#### TASK DETAILS
Pictures do not belong in the copy; retype the records below exactly.

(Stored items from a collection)

━━━

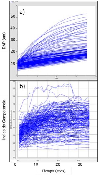 El crecimiento en d y dcopa para los árboles individuales muestran tendencia a mayor dispersión al final de la simulación (Tablas 3 y 4), consecuencia de que un porcentaje de árboles se mantuvieron en diámetros muy bajos debido a la competencia ejercida por los árboles de mayor tamaño.
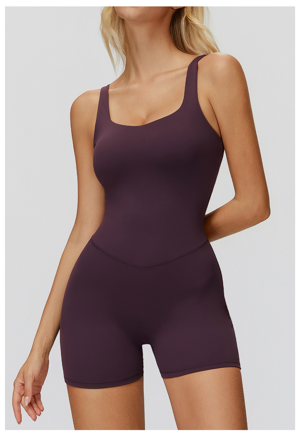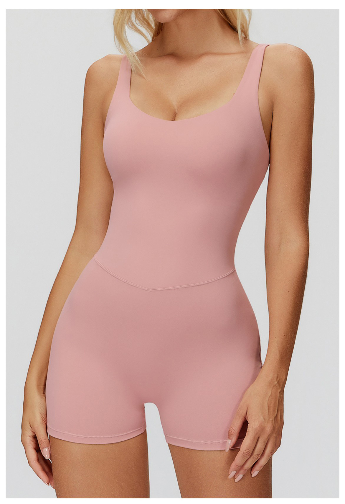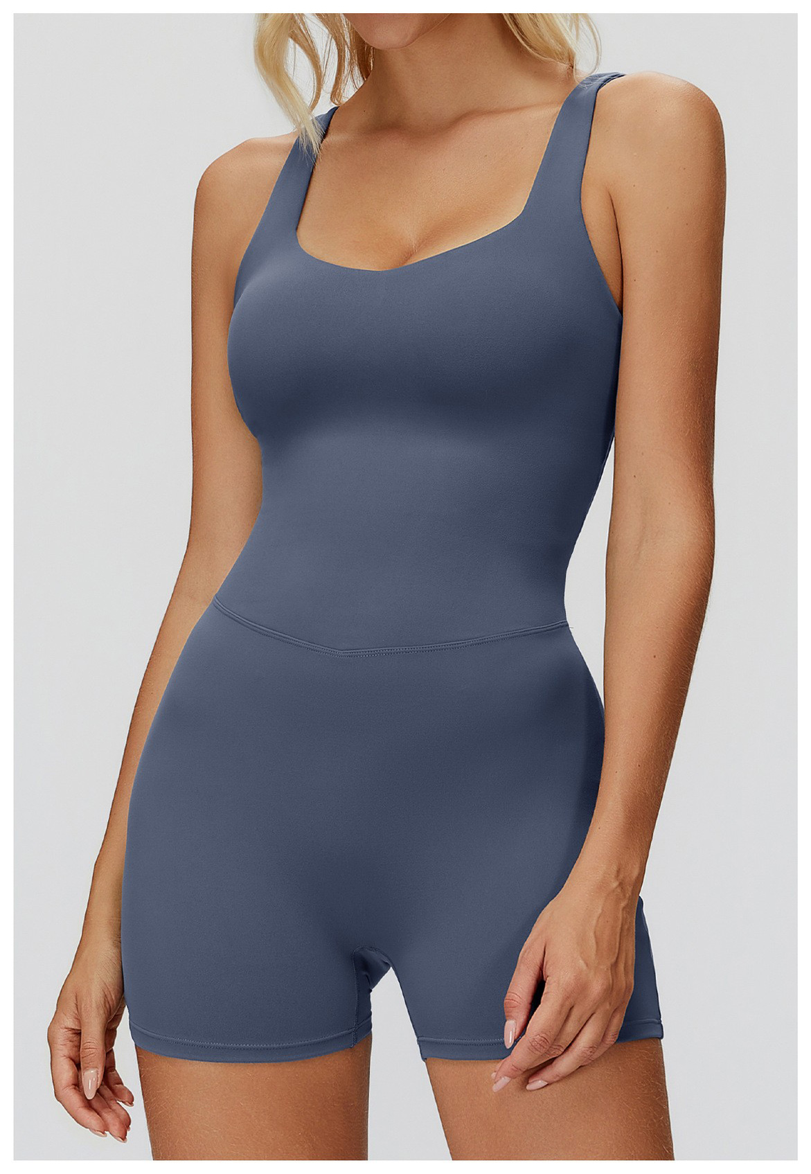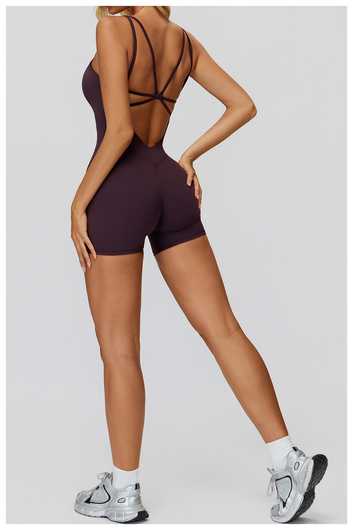 Women’s Tight-Fitting Crisscross Back Yoga Bodysuit – Customizable High Elastic Short-Length One-Piece for Yoga, Running & Gym
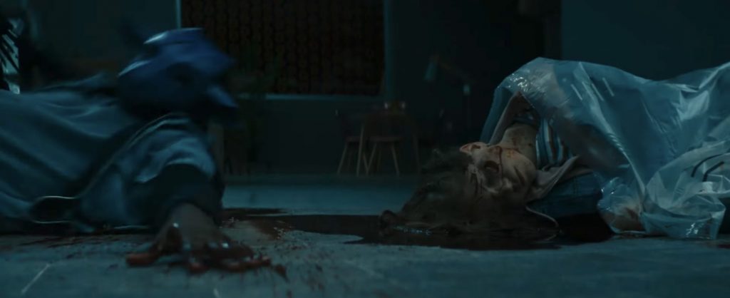 Возможно, представители торговой точки потребовали у режиссеров бережнее отнестись к их собственности и не слишком загадить помещение. Поэтому булькающих фонтанов крови зрители здесь не увидят, но это компенсируется впечатляющими деталями - как, например, лопнувшие кровеносные сосуды в глазах задушенной жертвы.
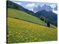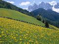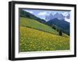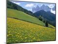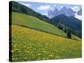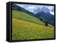 Dolomites Mountains and Wild Yellow Flowers, Villnoss / Val Di Funes, Trentino, Italy
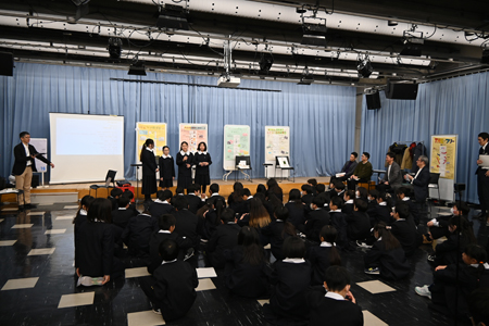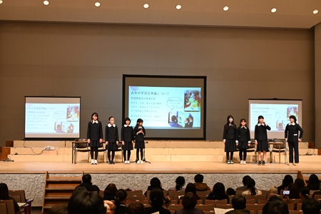 【写真=5年生によるポスターセッション、6年生による成果発表】

━━━

#### RESULT
 El crecimiento en d y dcopa para los árboles individuales muestran tendencia a mayor dispersión al final de la simulación (Tablas 3 y 4), consecuencia de que un porcentaje de árboles se mantuvieron en diámetros muy bajos debido a la competencia ejercida por los árboles de mayor tamaño.
 Women’s Tight-Fitting Crisscross Back Yoga Bodysuit – Customizable High Elastic Short-Length One-Piece for Yoga, Running & Gym
 Возможно, представители торговой точки потребовали у режиссеров бережнее отнестись к их собственности и не слишком загадить помещение. Поэтому булькающих фонтанов крови зрители здесь не увидят, но это компенсируется впечатляющими деталями - как, например, лопнувшие кровеносные сосуды в глазах задушенной жертвы.
 Dolomites Mountains and Wild Yellow Flowers, Villnoss / Val Di Funes, Trentino, Italy
 【写真=5年生によるポスターセッション、6年生による成果発表】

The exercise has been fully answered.